Но что значит — «когда надо»? Как сказать ему, что она уже не любит свой дом так, как любила прежде? Хорошо, хоть заняты вечера, а ночью ей так тоскливо и жутко в опустевшей двухкомнатной квартире, что она читает «Трех мушкетеров» или «Робинзона Крузо». Серьезная классика читана-перечитана, да с нею и не забудешься, только растравишь раны, разбередишь душу. Господи, если бы знал Георгий, как ей пусто в этой большой квартире, где всегда было тесно от гостей, на кухне вечно кипела работа, пахло жареным луком, укропом, кинзой, разваренным в борще лавровым листом; как сумно ей в комнатах, где плясали и пели, где смеялся и плакал ее маленький сын…

Следом за домом Георгия тянулся в проулке точно такой же дом. В узком проходе между домами раньше стояли высокие железные ворота, и двор был закрыт от чужих глаз, а теперь лишь ржавые петли чернели на каменных столбах, и все было как на ладони: кирпичная уборная в глубине с буквами «М» и «Ж» на фасаде, сараи, покрытые досками, огромный противопожарный бак с черной гнилой водою, водопроводная колонка под пирамидальными тополями, светло и остро голубеющими в теплом лунном свете.

Из колонки хлестала толстая белая струя воды — родниковой, вкусной, — гулко билась о железный люк с дырочками, стекая безо всякой нужды и пользы в канализацию: видно, кто-то обкупывался недавно, спасаясь от жары, да и позабыл закрыть.

Георгий хотел подойти закрутить кран, но в последнюю секунду поленился и, минуя проход между домами, шагнул следом за Али в черную тень высоких акаций, где под стеной дома ярко белела рубашка какого-то паренька, вытянувшегося на цыпочках и положившего кисти рук на высокий подоконник своей подружки; слышался их горячий, бессвязный шепот, хихиканье.

«Пацаненок совсем молоденький, — зорким взглядом выхватывая из темноты тоненькую фигурку, подумал Георгий. — К кому это он, а? К Соньке? Нет. К Сарке? Нет. К Зойке? Нет. Адильке еще рановато. К Римке? Скорее всего, к ней. Чертовка, перехватила мой взгляд и быстрее, чем он ее коснулся, спряталась за занавеской, — реакция, как у дикой кошки! Наверное, ей уже лет пятнадцать».
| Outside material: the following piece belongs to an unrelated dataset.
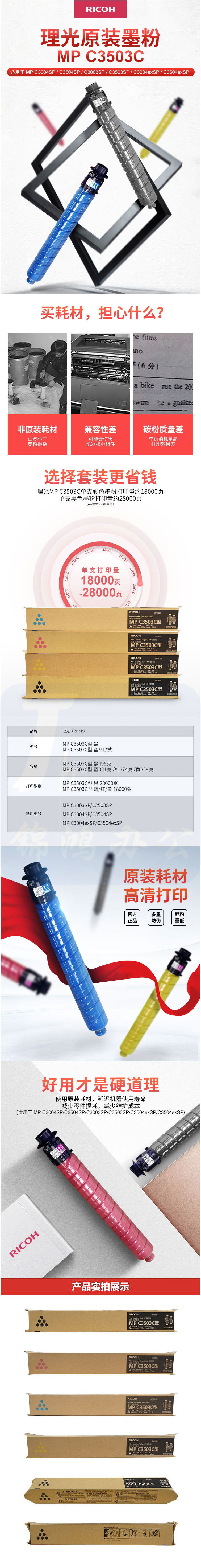 理光 MPC3503C 黑色鼓粉盒 1支装 适用MP C3003SP/C3503SP/C3004SP/C3504SP
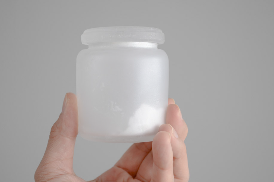 白粉を入れた状態で焼いています。蓋は開かず、一体化されています。

Георгий хорошо знал обитателей этой квартиры — знаменитого на всю область бурового мастера Керима, его жену Марию, их девятерых дочек и несчитаных внучек. Ни сыновей, ни внуков не было у дяди Керима никогда — даже мертвые родились у Марии и ее дочерей девочки, об этом было известно всему двору.

Зато дочки вырастали прехорошенькие и начинали погуливать лет с четырнадцати, так что к паспорту некоторые из них уже обзаводились своей лялькой, и в квартире стоял такой содом, что можно было понять главу этих амазонок Марию, которая выходила иной раз подвыпивши на ступеньки подъезда и начинала петь в полный голос удалые татарские песни или обкладывать русским матом первого попавшегося ей под горячую руку — в зависимости от настроения.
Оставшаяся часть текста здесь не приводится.